Using the data below, output a verbatim copy of the lines between the one holding "The boho love" and the one holding "Eşi TSK mensubu", inclusive, without any pictures.

INFORMATION SUPPLIED
□ □ □

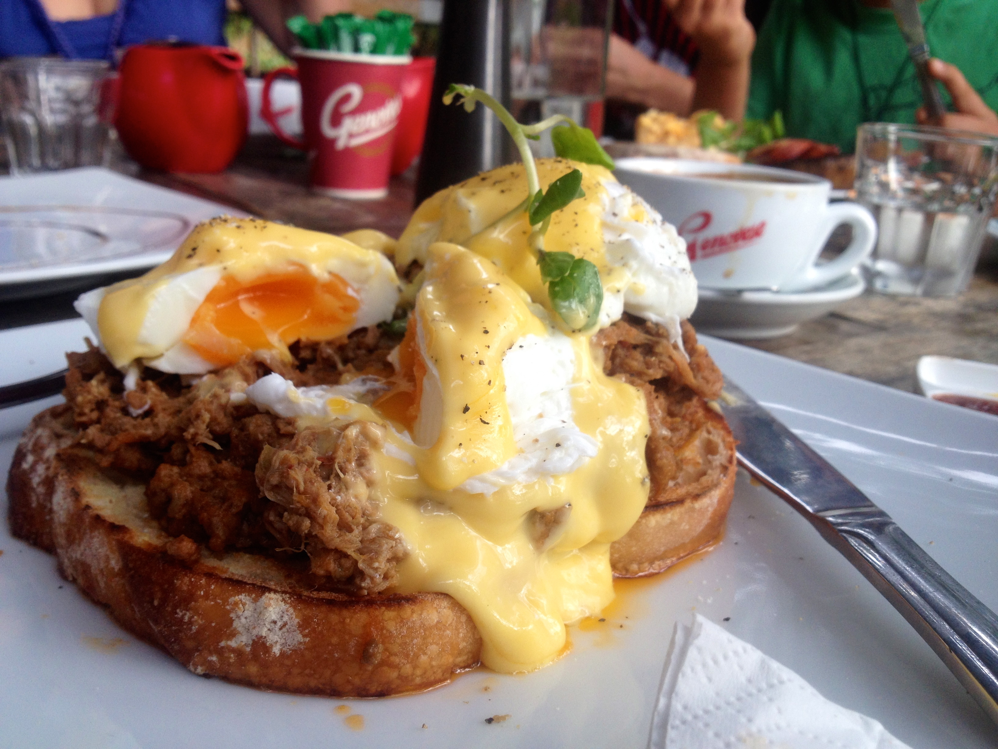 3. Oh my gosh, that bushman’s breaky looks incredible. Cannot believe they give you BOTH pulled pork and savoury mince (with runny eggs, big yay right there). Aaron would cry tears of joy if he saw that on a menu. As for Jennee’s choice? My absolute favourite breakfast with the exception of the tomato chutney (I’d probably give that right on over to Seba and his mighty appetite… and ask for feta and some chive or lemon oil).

□ □ □

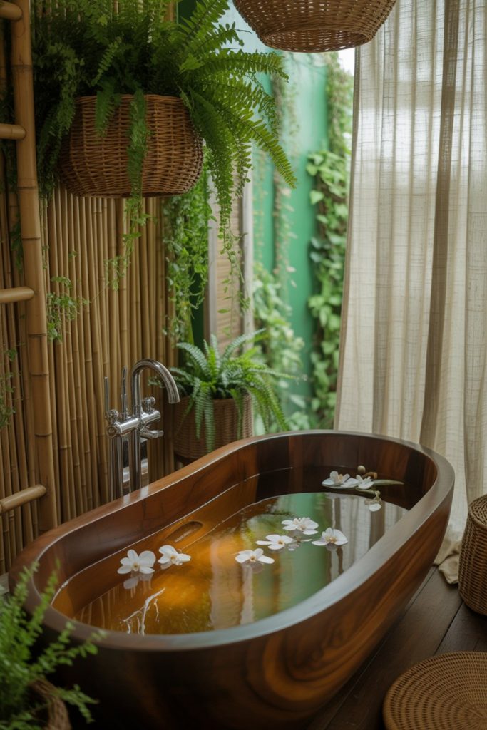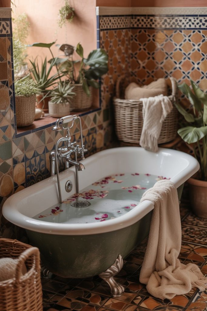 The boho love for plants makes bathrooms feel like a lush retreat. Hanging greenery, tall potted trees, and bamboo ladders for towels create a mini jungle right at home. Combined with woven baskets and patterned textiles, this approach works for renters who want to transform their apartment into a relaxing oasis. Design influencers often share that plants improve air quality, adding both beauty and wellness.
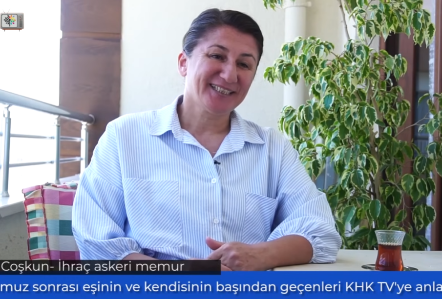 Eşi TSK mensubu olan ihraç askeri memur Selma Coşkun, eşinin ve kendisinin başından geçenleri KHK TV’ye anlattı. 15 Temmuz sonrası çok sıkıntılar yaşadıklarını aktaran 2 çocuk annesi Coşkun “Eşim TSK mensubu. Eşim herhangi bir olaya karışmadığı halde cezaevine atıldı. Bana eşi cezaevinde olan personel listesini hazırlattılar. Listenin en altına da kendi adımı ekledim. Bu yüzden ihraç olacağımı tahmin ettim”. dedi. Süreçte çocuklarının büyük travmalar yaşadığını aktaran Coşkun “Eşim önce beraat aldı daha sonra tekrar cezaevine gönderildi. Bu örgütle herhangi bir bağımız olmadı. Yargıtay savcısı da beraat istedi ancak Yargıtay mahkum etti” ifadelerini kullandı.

□ □ □

RESULT
 The boho love for plants makes bathrooms feel like a lush retreat. Hanging greenery, tall potted trees, and bamboo ladders for towels create a mini jungle right at home. Combined with woven baskets and patterned textiles, this approach works for renters who want to transform their apartment into a relaxing oasis. Design influencers often share that plants improve air quality, adding both beauty and wellness.
 Eşi TSK mensubu olan ihraç askeri memur Selma Coşkun, eşinin ve kendisinin başından geçenleri KHK TV’ye anlattı. 15 Temmuz sonrası çok sıkıntılar yaşadıklarını aktaran 2 çocuk annesi Coşkun “Eşim TSK mensubu. Eşim herhangi bir olaya karışmadığı halde cezaevine atıldı. Bana eşi cezaevinde olan personel listesini hazırlattılar. Listenin en altına da kendi adımı ekledim. Bu yüzden ihraç olacağımı tahmin ettim”. dedi. Süreçte çocuklarının büyük travmalar yaşadığını aktaran Coşkun “Eşim önce beraat aldı daha sonra tekrar cezaevine gönderildi. Bu örgütle herhangi bir bağımız olmadı. Yargıtay savcısı da beraat istedi ancak Yargıtay mahkum etti” ifadelerini kullandı.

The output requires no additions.